Exercise directions →
From the entries below, reproduce exactly the lines from the one with "Кухня Basic с" through the one with "Die Schuhe Wayne", both included, without images.

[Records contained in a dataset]
__________________________________________________

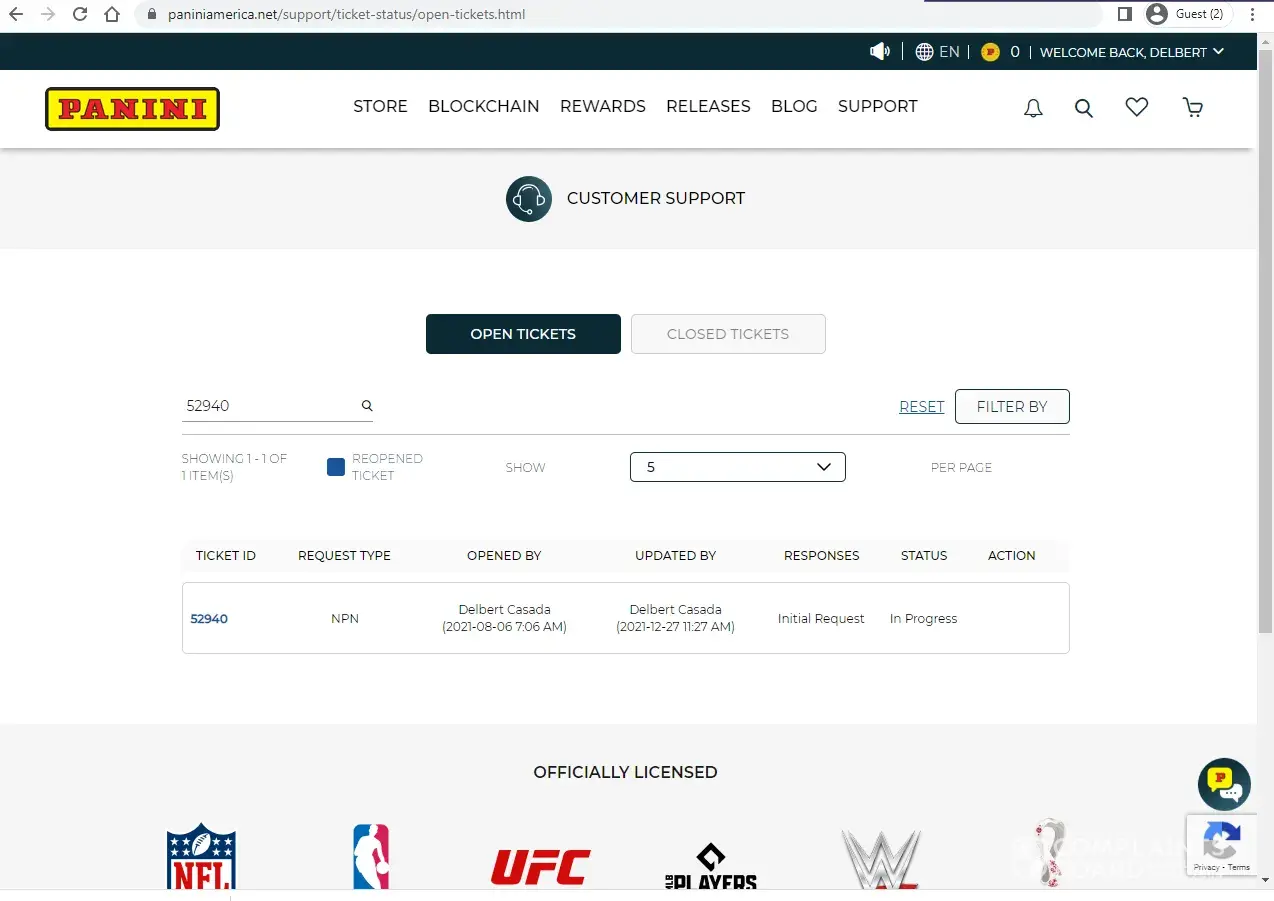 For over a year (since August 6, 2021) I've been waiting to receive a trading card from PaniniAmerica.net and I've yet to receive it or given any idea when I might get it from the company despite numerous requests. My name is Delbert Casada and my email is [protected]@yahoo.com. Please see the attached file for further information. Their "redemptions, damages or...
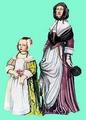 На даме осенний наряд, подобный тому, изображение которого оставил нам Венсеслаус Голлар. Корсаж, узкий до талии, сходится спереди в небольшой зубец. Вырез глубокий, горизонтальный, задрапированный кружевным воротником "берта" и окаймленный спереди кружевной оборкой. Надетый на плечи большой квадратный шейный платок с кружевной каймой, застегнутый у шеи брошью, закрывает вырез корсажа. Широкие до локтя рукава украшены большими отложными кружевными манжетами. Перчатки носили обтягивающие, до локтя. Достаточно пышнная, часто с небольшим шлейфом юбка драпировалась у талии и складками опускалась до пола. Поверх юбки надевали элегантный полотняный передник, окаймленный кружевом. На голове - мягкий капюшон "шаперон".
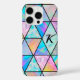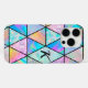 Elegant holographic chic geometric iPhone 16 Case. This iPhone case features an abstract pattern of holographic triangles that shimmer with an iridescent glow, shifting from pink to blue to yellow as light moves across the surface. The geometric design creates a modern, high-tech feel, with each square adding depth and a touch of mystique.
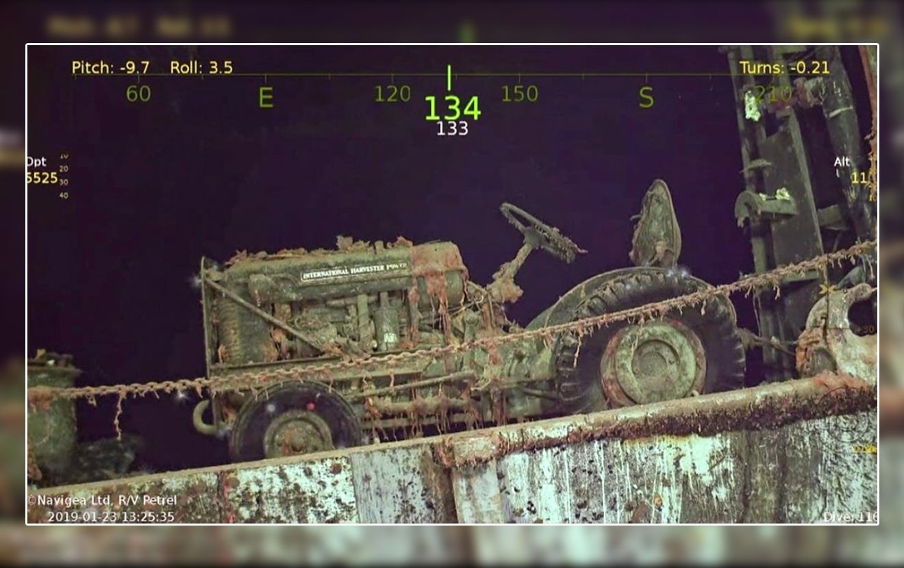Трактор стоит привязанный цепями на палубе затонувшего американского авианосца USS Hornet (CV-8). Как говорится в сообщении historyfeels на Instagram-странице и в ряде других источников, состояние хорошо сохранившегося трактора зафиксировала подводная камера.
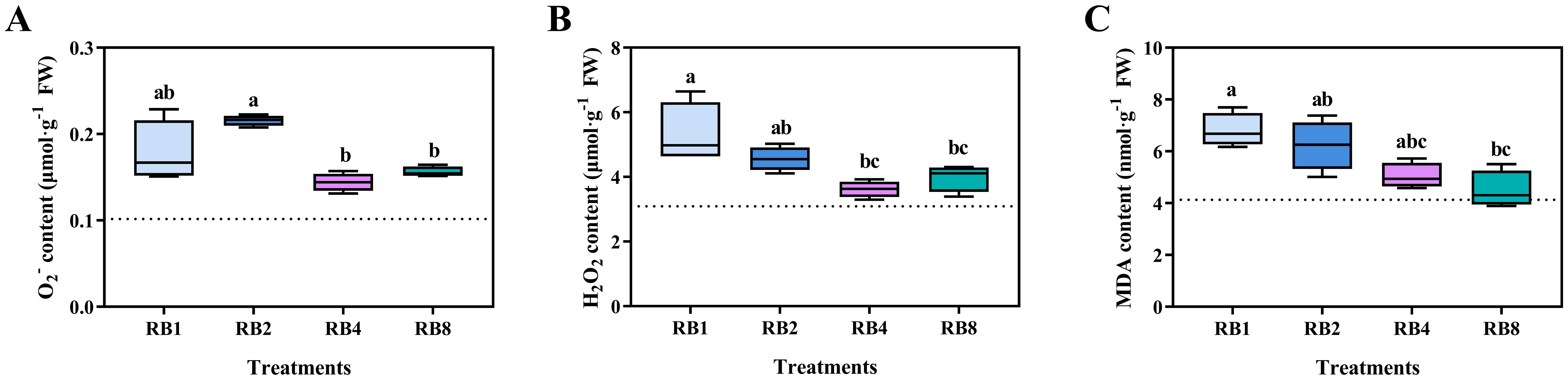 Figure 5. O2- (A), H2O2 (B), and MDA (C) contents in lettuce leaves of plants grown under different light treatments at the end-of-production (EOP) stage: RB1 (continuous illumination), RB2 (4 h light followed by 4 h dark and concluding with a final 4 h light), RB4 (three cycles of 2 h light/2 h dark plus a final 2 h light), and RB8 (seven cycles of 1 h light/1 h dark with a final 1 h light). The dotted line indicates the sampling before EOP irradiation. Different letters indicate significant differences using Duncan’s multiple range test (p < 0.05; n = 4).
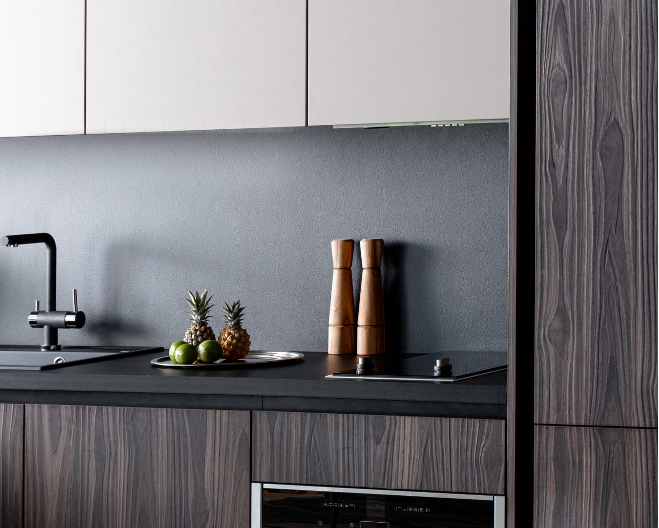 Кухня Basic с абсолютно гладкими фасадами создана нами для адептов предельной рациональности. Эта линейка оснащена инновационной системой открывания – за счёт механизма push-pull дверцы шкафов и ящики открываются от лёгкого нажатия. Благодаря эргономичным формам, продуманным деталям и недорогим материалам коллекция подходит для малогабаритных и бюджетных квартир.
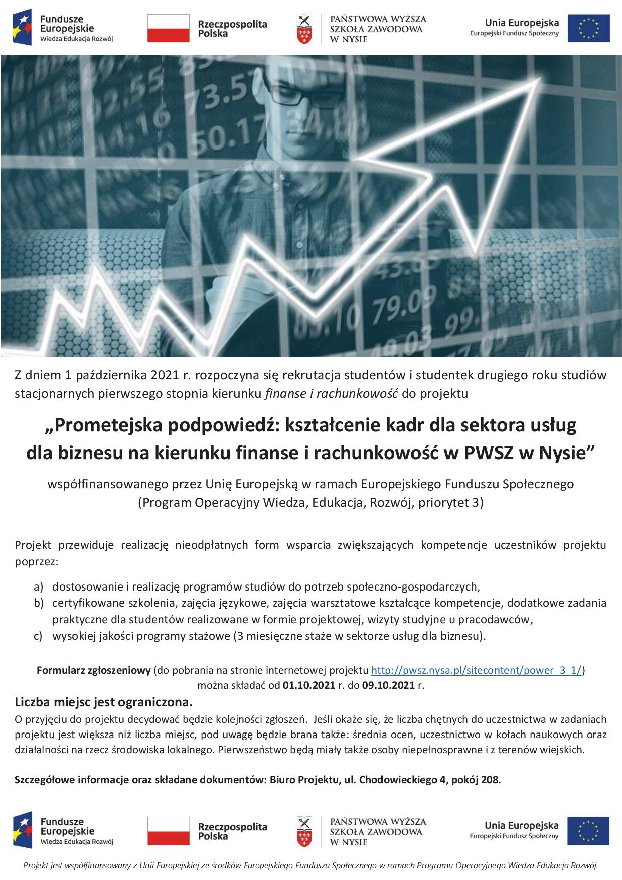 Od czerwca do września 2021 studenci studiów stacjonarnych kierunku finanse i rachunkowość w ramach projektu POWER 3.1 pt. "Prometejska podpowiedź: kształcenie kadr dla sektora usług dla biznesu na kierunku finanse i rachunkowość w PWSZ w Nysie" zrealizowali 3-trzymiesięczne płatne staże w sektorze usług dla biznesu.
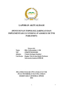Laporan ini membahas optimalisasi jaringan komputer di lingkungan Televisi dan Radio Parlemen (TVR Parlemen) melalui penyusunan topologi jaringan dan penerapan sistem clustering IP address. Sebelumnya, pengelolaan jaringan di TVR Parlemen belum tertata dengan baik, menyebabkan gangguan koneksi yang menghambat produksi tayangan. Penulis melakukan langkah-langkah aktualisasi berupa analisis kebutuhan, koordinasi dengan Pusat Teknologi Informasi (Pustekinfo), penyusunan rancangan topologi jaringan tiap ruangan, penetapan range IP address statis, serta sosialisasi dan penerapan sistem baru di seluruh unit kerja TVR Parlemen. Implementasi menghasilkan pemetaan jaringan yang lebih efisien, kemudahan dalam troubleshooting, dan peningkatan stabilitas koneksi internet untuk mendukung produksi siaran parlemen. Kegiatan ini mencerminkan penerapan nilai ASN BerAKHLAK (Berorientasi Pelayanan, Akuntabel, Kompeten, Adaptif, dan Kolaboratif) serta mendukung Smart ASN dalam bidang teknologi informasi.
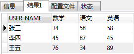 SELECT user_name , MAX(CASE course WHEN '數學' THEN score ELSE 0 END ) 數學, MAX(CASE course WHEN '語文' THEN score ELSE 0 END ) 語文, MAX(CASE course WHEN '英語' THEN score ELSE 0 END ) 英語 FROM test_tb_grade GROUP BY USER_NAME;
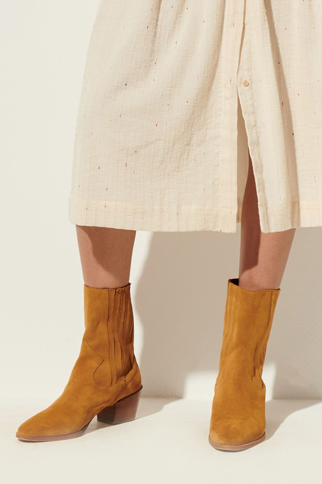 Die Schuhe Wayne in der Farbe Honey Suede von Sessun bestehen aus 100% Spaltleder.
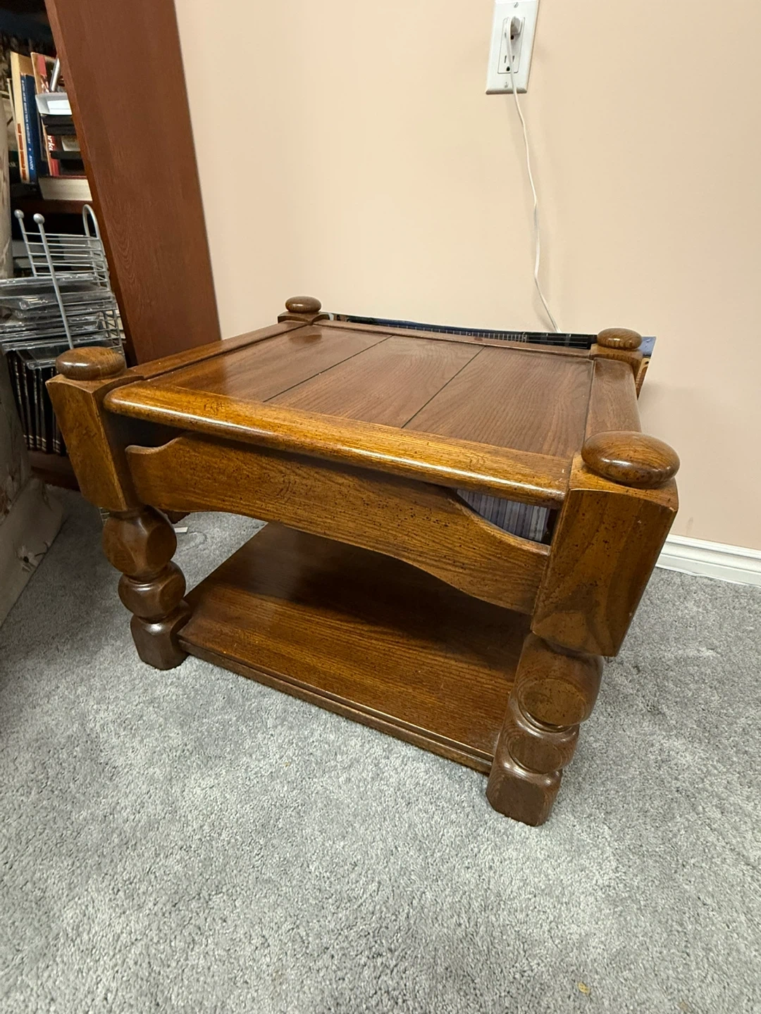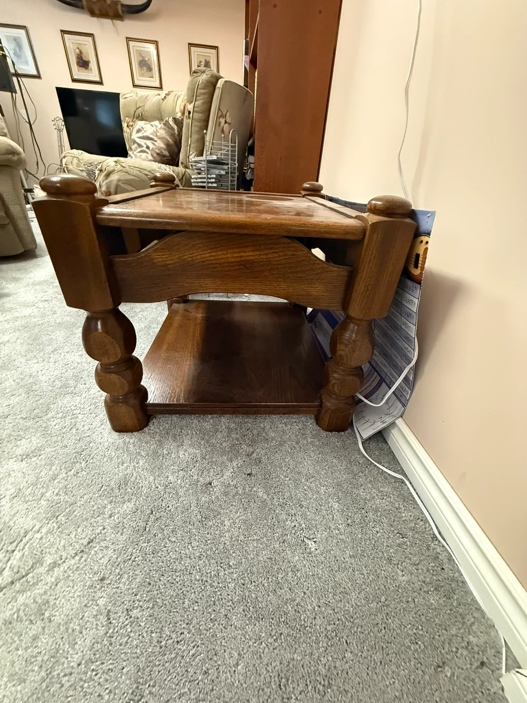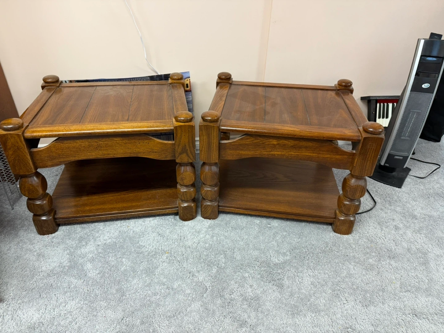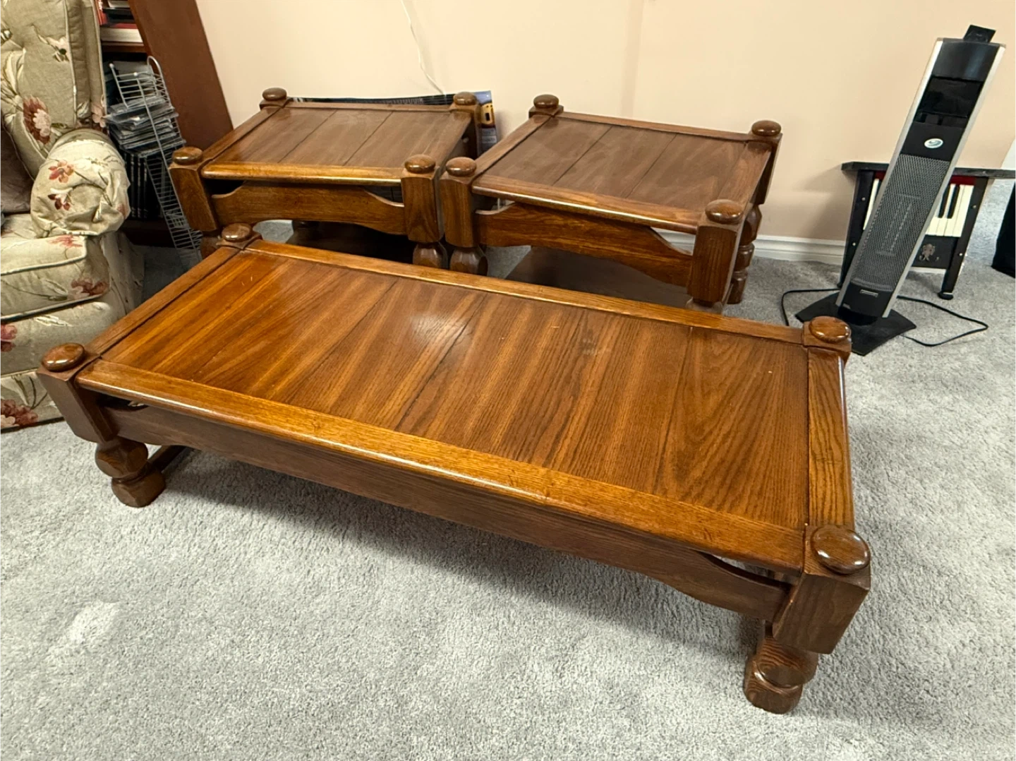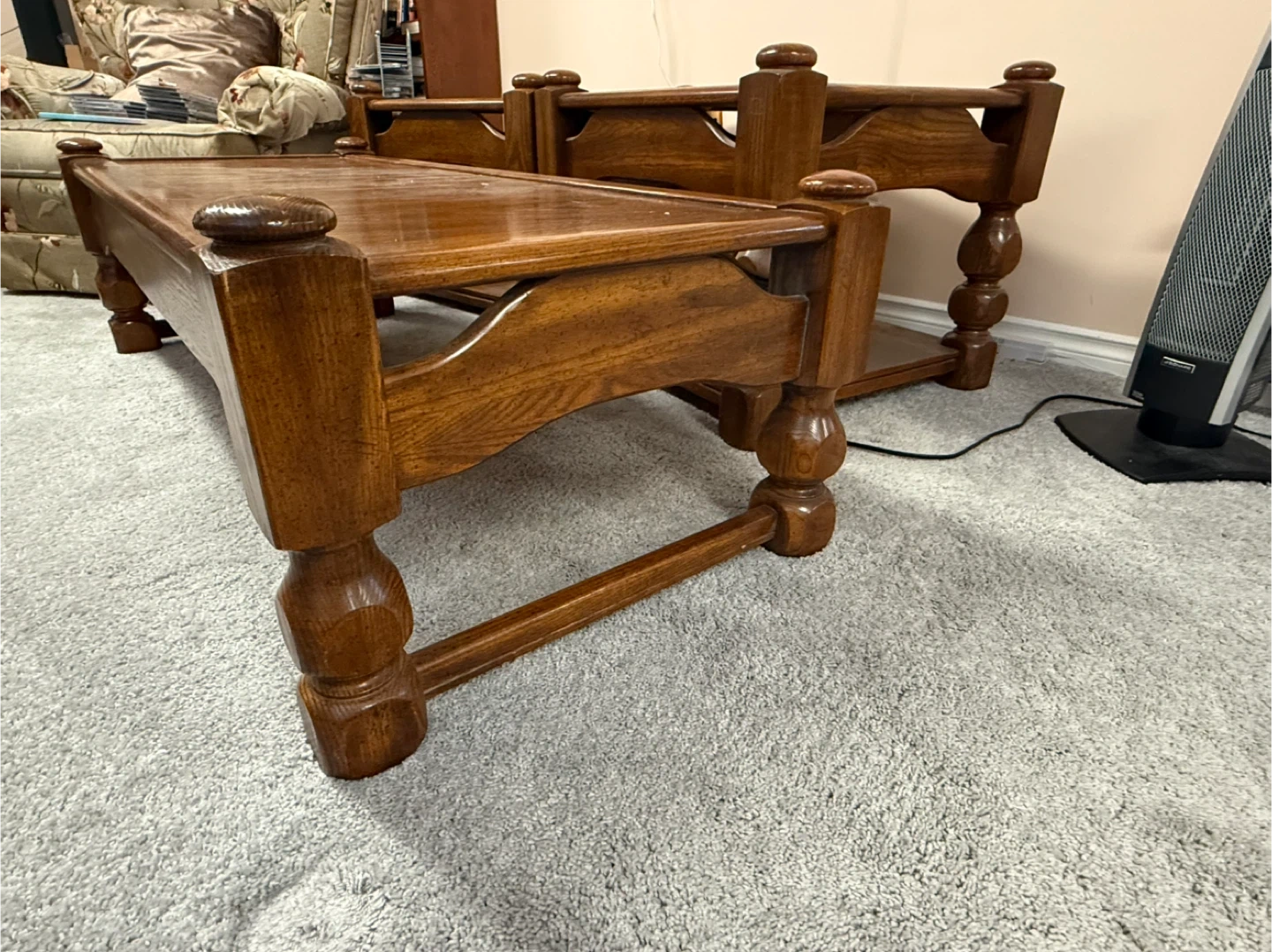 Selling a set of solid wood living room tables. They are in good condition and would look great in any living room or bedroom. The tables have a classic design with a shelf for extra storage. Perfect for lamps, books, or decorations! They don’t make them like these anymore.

__________________________________________________

Expected answer →
 Кухня Basic с абсолютно гладкими фасадами создана нами для адептов предельной рациональности. Эта линейка оснащена инновационной системой открывания – за счёт механизма push-pull дверцы шкафов и ящики открываются от лёгкого нажатия. Благодаря эргономичным формам, продуманным деталям и недорогим материалам коллекция подходит для малогабаритных и бюджетных квартир.
 Od czerwca do września 2021 studenci studiów stacjonarnych kierunku finanse i rachunkowość w ramach projektu POWER 3.1 pt. "Prometejska podpowiedź: kształcenie kadr dla sektora usług dla biznesu na kierunku finanse i rachunkowość w PWSZ w Nysie" zrealizowali 3-trzymiesięczne płatne staże w sektorze usług dla biznesu.
Laporan ini membahas optimalisasi jaringan komputer di lingkungan Televisi dan Radio Parlemen (TVR Parlemen) melalui penyusunan topologi jaringan dan penerapan sistem clustering IP address. Sebelumnya, pengelolaan jaringan di TVR Parlemen belum tertata dengan baik, menyebabkan gangguan koneksi yang menghambat produksi tayangan. Penulis melakukan langkah-langkah aktualisasi berupa analisis kebutuhan, koordinasi dengan Pusat Teknologi Informasi (Pustekinfo), penyusunan rancangan topologi jaringan tiap ruangan, penetapan range IP address statis, serta sosialisasi dan penerapan sistem baru di seluruh unit kerja TVR Parlemen. Implementasi menghasilkan pemetaan jaringan yang lebih efisien, kemudahan dalam troubleshooting, dan peningkatan stabilitas koneksi internet untuk mendukung produksi siaran parlemen. Kegiatan ini mencerminkan penerapan nilai ASN BerAKHLAK (Berorientasi Pelayanan, Akuntabel, Kompeten, Adaptif, dan Kolaboratif) serta mendukung Smart ASN dalam bidang teknologi informasi.
 SELECT user_name , MAX(CASE course WHEN '數學' THEN score ELSE 0 END ) 數學, MAX(CASE course WHEN '語文' THEN score ELSE 0 END ) 語文, MAX(CASE course WHEN '英語' THEN score ELSE 0 END ) 英語 FROM test_tb_grade GROUP BY USER_NAME;
 Die Schuhe Wayne in der Farbe Honey Suede von Sessun bestehen aus 100% Spaltleder.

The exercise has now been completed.